Appellant admits that the appellate courts of this State have frequently held that a defendant has not been denied due process of law where evidence has been obtained from him prior to a preliminary hearing. See Milton v. Cochran, Fla.1962, 147 So.2d 137; Montgomery v. State, Fla.1965, 176 So.2d 331.

Appellant urges that his case goes beyond the cases cited because the record demonstrates that the violation of Section 901.23,1 Fla.Stat.1963, F.S.A., resulted in a grave prejudice to him in his defense. It is urged that if the directions of the statute had been followed, the magistrate would have been required to release the defendant for lack of probable cause to retain the defendant in jail. It is pointed out that the evidence against the defendant was procured at the jail subsequent to the time at which the appellant would have been released if he had been taken before a magistrate. On this basis, appellant urges that reversal is required under the decisions of the Supreme Court of the United States in McNabb v. United States, 318 U.S. 332, 63 S.Ct. 608, 87 L.Ed. 819, and Watts v. State of Indiana, 338 U.S. 49, 69 S.Ct. 1347, 93 L.Ed. 1801. See also People v. Hamilton, 359 Mich. 410, 102 N.W.2d 738 (1960), and Vorhauer v. State, Del.1965, 212 A.2d 886.

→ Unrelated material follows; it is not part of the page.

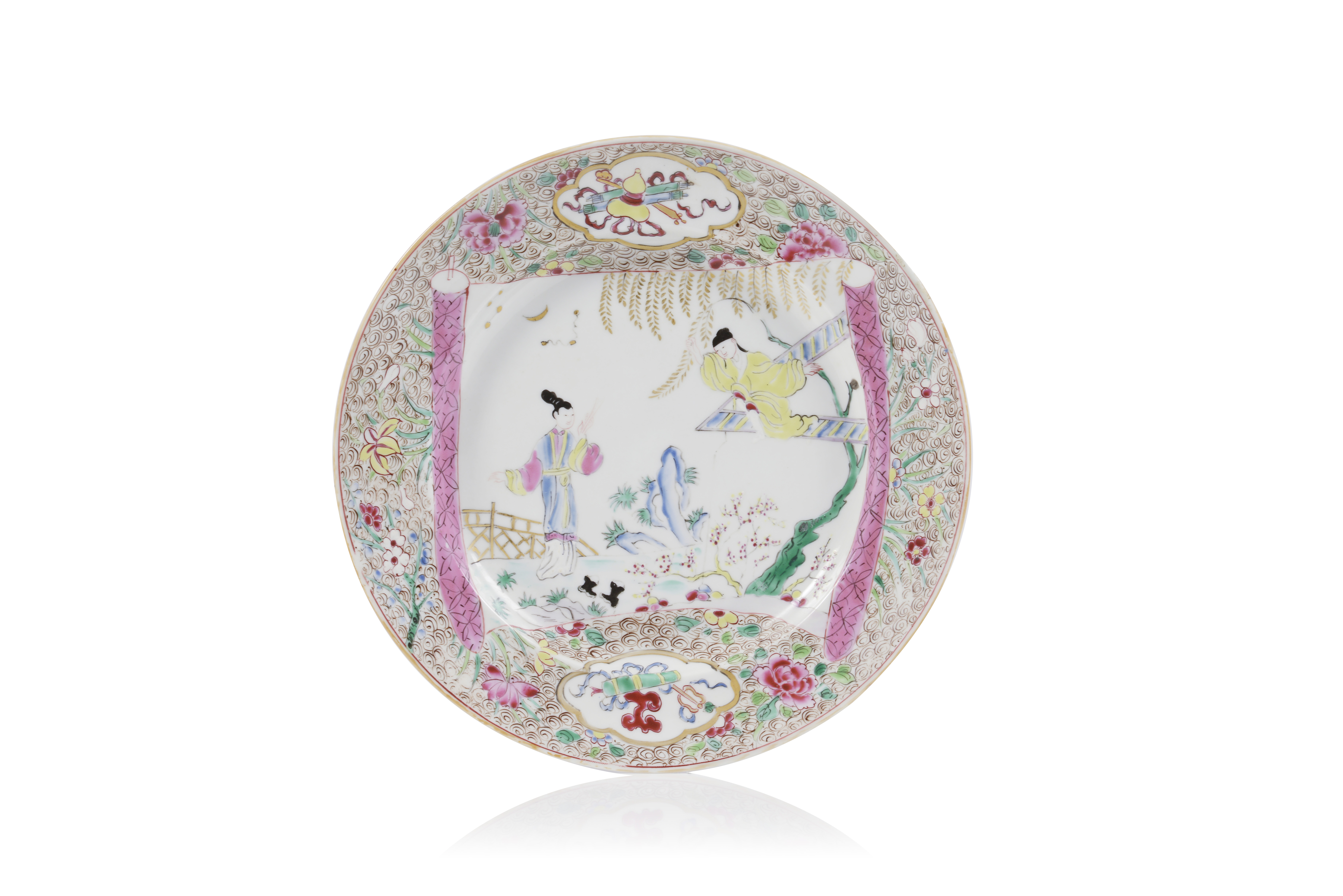 Polychrome "Famille Rose" enamelled decoration of central scroll with scene from the "Romance of the Western Chamber" (Xi Xiang Ji)

Appellant’s point appears to have been decided against him by our opinion in Shea v. State, Fla.App.1964, 167 So.2d 796. See also DiBona v. State, Fla.App.1960, 121 So.2d 192. We therefore adhere to our prior opinion on this point.

Appellant’s Point II is without merit once it is determined that the evidence obtained at the line-up was admissible.

Affirmed.

. Section 901.23, Fla.Stat.1963, F.S.A., provides:

Duty of officer after arrest without warrant. — An officer who has arrested a person without a warrant, shall without unnecessary delay take the person arrested before the nearest or most accessible magistrate in the county in which the arrest occurs, having jurisdiction, and shall make before the magistrate a complaint, which shall set forth the facts showing the offense for which the person was arrested; or, if that magistrate is absent or unable to act, before the nearest or most accessible magistrate in the same county.